Boys we plan to keep
Buckbeak is a Buff Orpington
Henry is a Blue Andalusian
Zepplin is a White Cochin

The rest that havent been butchered yet
Nugget is a Dominique
Stir Fry, Sesame, and Orange are all Producuton Reds

hhmmm thats only 19 , I'm missing one. I can't think of who it is right now.


----------



## Jason (Jun 24, 2012)

We don't really name ours but I have one white hen I call the foreman because she has to be right in the middle of whatever you're doing. We're building a play fort for my son right now and she's watching that, and she "helps" us unload hay too.


----------



## rob (Jun 20, 2012)

my silkie is called jessie after the wifes nan who used to keep chickens.
my light sussex is called lois, after lois from family guy.
my clydach clocker is called meg from family guy.


----------



## ChickenAdmin (Jun 4, 2012)

I don't name. Just a rule.


----------



## Catfish (Jun 27, 2012)

Rule around our house is you don't name anything you might one day eat. 
The rule doesn't work, LOL one rooster is named King and another named Smokey. 
The hens are wild as can be and have no names.


----------



## Roslyn (Jun 21, 2012)

My first flock of 10 was all named. 
Rudy was the Rooster
2 Light Brahma hens Sunshine and Snowball
3 Silver-Laced Wyandottes Flash, Martha, Dopey
1 Buff Orpington Zoie
1 Buff Rock Maize
2 Red-Sex Links Lucy and Ethel

The next year I added 4 RIRs Jo-Jo, Penny, Rhoda and Crumpled Napkin (there is a story there)
and 2 Golden Stars Daisy and Mae

Most of the names were linked to personality or color.
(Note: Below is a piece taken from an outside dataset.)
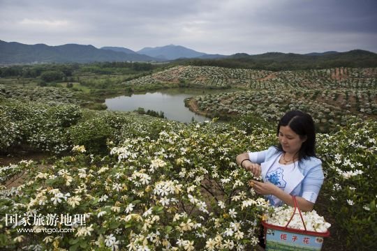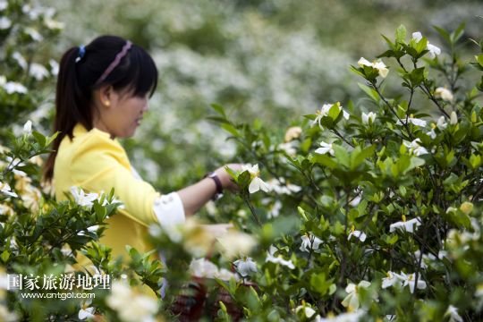 國家旅游地理 江西九江5月24日訊 5月24日,游客在黃梔子種植基地采摘梔子花。小滿時節(jié),在位于鄱陽湖畔的江西省九江市都昌縣土塘鎮(zhèn)潭湖村的坡嶺上,春輝黃梔子專業(yè)合作社6個種植基地的兩千多畝黃梔子全面進(jìn)入盛花期,種植園內(nèi)芳香四溢。黃梔子是傳統(tǒng)中藥材,花朵可觀賞、食用,果實(shí)可用于醫(yī)藥、染色、化妝品等領(lǐng)域。成立于2007年的都昌春輝黃梔子農(nóng)民專業(yè)合作社近年來致力于實(shí)施科技推廣、標(biāo)準(zhǔn)化種植和專業(yè)化經(jīng)營黃梔子,將黃梔子從“飄香”經(jīng)濟(jì)延伸到“染色”“藥用”深加工,進(jìn)軍省內(nèi)外市場。 /新華社發(fā)(傅建斌 攝)

The third year is when I purchased the 40 peeps, half delawares and half australorps. Since so many looked alike I no longer named them, but a few always stand out and so three roosters ended up with a name and a little australorp stood out and befriended my daughter, so she called her "marbles"

I now have a few that have not been given names, I did have three barred rocks who ended up being called "Tylenol" "Midol" and "Motrin" because they made me six-levels of crazy!! Tylenol ended up being hit on the road. She insisted on standing in the middle of the lane and "staring" down the cars. One day someone didn't play chicken with her! Motrin was re-named Mama when she went broody and her running around being naughty days were over. Midol however did get a new name. She is still in the flock and she is now called "Mussolini". She is a horrid bi$ch to other hens, bosses the roosters and her comb grew when she took command. Overall she is 2nd in the flock behind the old Rock "Cinnamon", but her comb now folds to the side, just like the beret the special forces in the army wear. The name just stuck.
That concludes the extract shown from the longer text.